There are huge fields of barley, wheat and oilseed rape. The TPT goes along a canal where I see an old lifting bridge near Sykehouse.Then for a couple miles its back onto quiet roads and a bridleway which opens out to a huge field. I stop to check the route and see what looks like a smalll parachute landing not 100m away. Its a drogue for the end of a glider tow line. We are just south of Selby on an old airfield. As we follow the route i spot the glider coming in to land. We watch it take off again. No thermals today so its only a short flight. 

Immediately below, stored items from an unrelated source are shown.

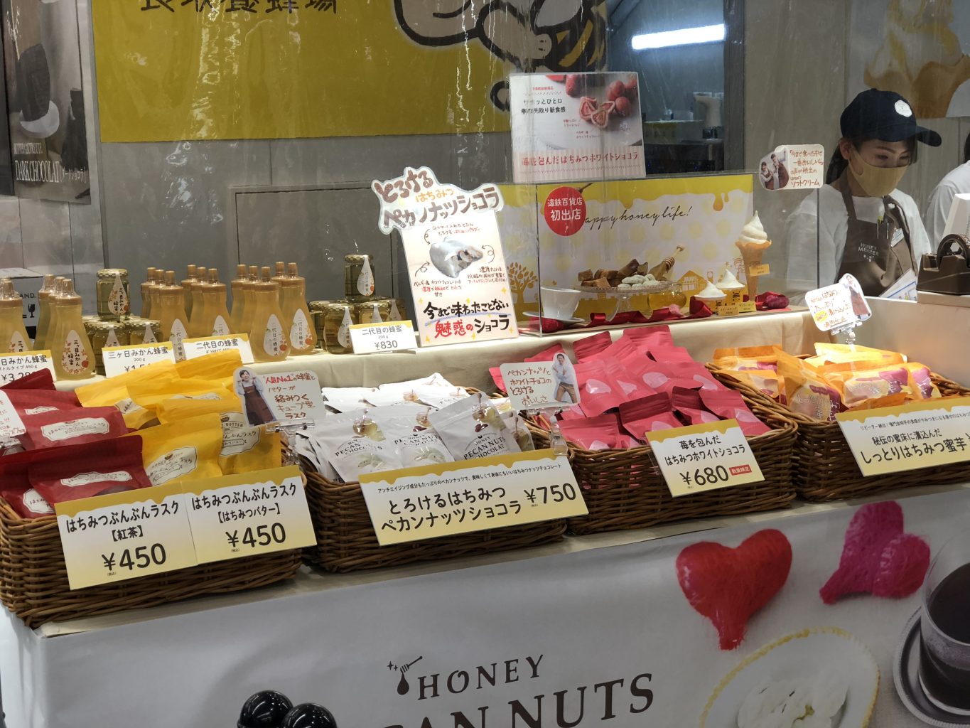 長坂養蜂場では地下1階にて出店(2月16日までです)しておりますのでお店が定休日(第二火曜日・水曜日)や週末もはちみつソフトクリームがたべれるんですっっっ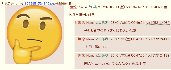 | … | 42無念Nameとしあき25/10/30(木)05:12:39No.1362394396+ >としあきなら全て助けてくれると信じきってるジジイですから |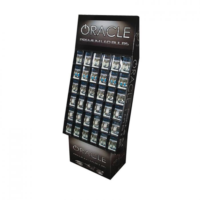 Our name has become the standard in solid-state automotive LED technology, and now we continue to push the envelope even further by evolving our line LED Automotive Bulbs. This Floor-Standing Display is the perfect way to display ORACLE LED replacement bulbs in your store's showroom! Standing over 50" tall this attractive display contains 36 individual slots to place ORACLE LED bulbs. With this many slots you can carry a good variety of different bulb sizes, colors, and configurations. This display makes it easy to choose from the hundreds of different types of LED bulbs we offer. Not sure which bulbs to select Not a problem! We have years of sales data that has allowed us to make a determination on the most popular bulbs and colors which are shipped to you pre-packaged and ready so start selling. From ORACLE Turn Signal Bulbs and ORACLE Chrome Bulbs, to PLASMA T-10 Bulbs, we will include the correct bulbs to have your customers coming back for more.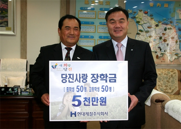 Çö´ëÁ¦Ã¶Àº 9ÀÏ ´çÁø±ºÃ»¿¡¼ ´çÁøÁö¿ª Áß°í»ý °¢ 50¸í¾¿ 100¸í¿¡°Ô 5õ¸¸¿øÀÇ ÀåÇбÝÀ» Àü´ÞÇß´Ù.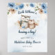Blue Boho Floral Owl Boy Baby Shower Welcome Sign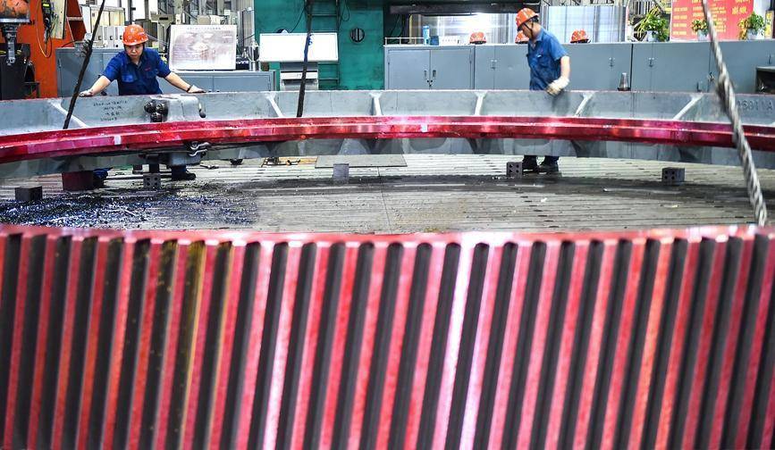 河南省洛阳市的中信重工机加车间内,工人正在起吊加工出口海外的矿业装备磨机齿圈产品订单。黄政伟摄

York has great cycleways and we go to a cycle shop Julian knows, then a cafe round the corner where Gail, a colleague of his pops in to see us. A Thank You is required here for a donation to the Just Giving site from a member of the cafe staff . After lunch we pop in to Gail's office next door and news is exchanged. 

Going north from York its route 65 now and we spin along. We soon come past the north end of Lynton on Ouse Airfield and i hear some aircraft close by. Next second 3 light aircraft fly low overhead in formation and do a bump and run. They loop round and land giving us a ringside view. 


Arriving in Easingwold we ask for directions to the shop - its a good size co-op. We load up with b 'fast essentials and head to yhe campsite ln the east side of town. Wrong, no site here since 2003 apparrently, so its off to the other one. Fine here so its the usual routine to set camp and get food. 
The George Hotel is super , roast beef and yorkshire pud hits the spot. 
Back to site and I don't need any rockin '. Too tired to blog. Another 60 mile day and a day in hand now over the plan. 







Sunday, 1 June 2014

Day 12 Farnesfield to Hatfield.

The North Wind still blows... And we shall go slower. What are the chances of a north wind for 4 days in a row in May. Its just not canny. 


Morning sun breaking through. 

Julian set his alarm as we hoped to get off earlier. He need not have bothered as this chap and a couple of friends got everyone roused about 5.30.



Today the forecast is good and we have no set target. We are aiming for Rotherham, about 46 miles. We are back on route 6 for the start. As we ascend a ramp back to the old railway line I see i have a hitch-hiker.



At Worksop route 6 quickly deteriorates but it has been a great Sustrans route, well signposted. Its 11.00 and we are searching for a tearoom in Worksop. A pub has just opened beside the canal but alas no food until 12. The barmaid suggests'Jennies ' down the road. But says it is a greasy spoon job. 
We investigate and prove you cannot go on looks alone! It is fab and hits the spot. Staff are friendly and let me charge my phone. 

We follow route 6 again for Rotherham but looking for a shortcut to Doncaster area. During lunch i select aroute and we go for it. I can see there are contours on the map but not able to easily see whether they are going up or down hill. They are going down more than up and we are soonin Doncaster. No campsites here it seems but Hatfield has one. Only 3 or 4 miles he says but it is nearer 8. 

We arrive at the site. It is deserted. We ask a dog walker who says it is often closed on sunday nights. There are signs people have been here this last week. I phone a number that is posted on the reception door. A very helpful Kyle helps us out and we get a key for the shower block. We are the only people on this huge site tonight. 


Tents up we clean up and cycle down the road for tea. We find a reasonable carvery type place and get fed. I still room for a desert and get the chef's Special Banana Boat. It soon disappears. 



 I also get the phone charged up. I am now doing this at every opportunity to keep battery levels up.